Suppose, towards a contradiction, \(p_{i}^{*}\in (0,1)\), \(p_{j}^{*}\in (0,1)\) and \(p_{i}^{*}\ne p_{j}^{*}\). From (23), \({\mathbb {P}}_{q-2|n-2}^{*}[{\mathbf {p}}^{\{ij\},*}]={\mathbb {P}}_{q-1|n-2}^{*}[{\mathbf {p}}^{\{ij\},*}]\). This is impossible with \(n=2\). Hence, suppose \(n\ge 3\).
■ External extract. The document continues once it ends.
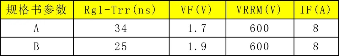 如下兩顆FRD具有相同的電流電壓規格,Trr差異較小,但是反向恢復損耗卻相差較大,在高溫條件下,差距會(huì )進(jìn)一步放大, 由此帶來(lái)的功耗差異也不能忽略。

First, we claim that \({\mathbb {P}}_{q-2|n-2}^{*}[{\mathbf {p}}^{\{ij\},*}]={\mathbb {P}}_{q-1|n-2}^{*}[{\mathbf {p}}^{\{ij\},*}]\) and \(n\ge 3\) implies \(2\le q\le n-1\). Suppose \(q=1\). Then \({\mathbb {P}}_{q-2|n-2}^{*}[{\mathbf {p}}^{\{ij\},*}]=0\) and \({\mathbb {P}}_{q-1|n-2}^{*}[{\mathbf {p}}^{\{ij\},*}]=\prod _{k\in N^{\{ij\}}}(1-p_{k}^{*})\), so that \({\mathbb {P}}_{q-1|n-2}^{*}[{\mathbf {p}}^{\{ij\},*}]=0\) implies \(\sum _{i\in N}p_{i}^{*}\ge n-2\ge 1\), a contradiction to \(b<q=1\). Alternatively, suppose \(q=n\). Then \({\mathbb {P}}_{q-1|n-2}^{*}[{\mathbf {p}}^{\{ij\},*}]=0\), so that \({\mathbb {P}}_{q-2|n-2}^{*}[{\mathbf {p}}^{\{ij\},*}]=0\) implies that \({\mathbb {P}}_{q|n}[{\mathbf {p}}^{*}]=0\), a contradiction to optimality of \({\mathbf {p}}^{*}\) as \({\mathbb {P}}_{q|n}[{\mathbf {p}}(0,\frac{b}{n},0)]>0\). Hence, suppose \(q\in \{2,\ldots ,n-1\}\).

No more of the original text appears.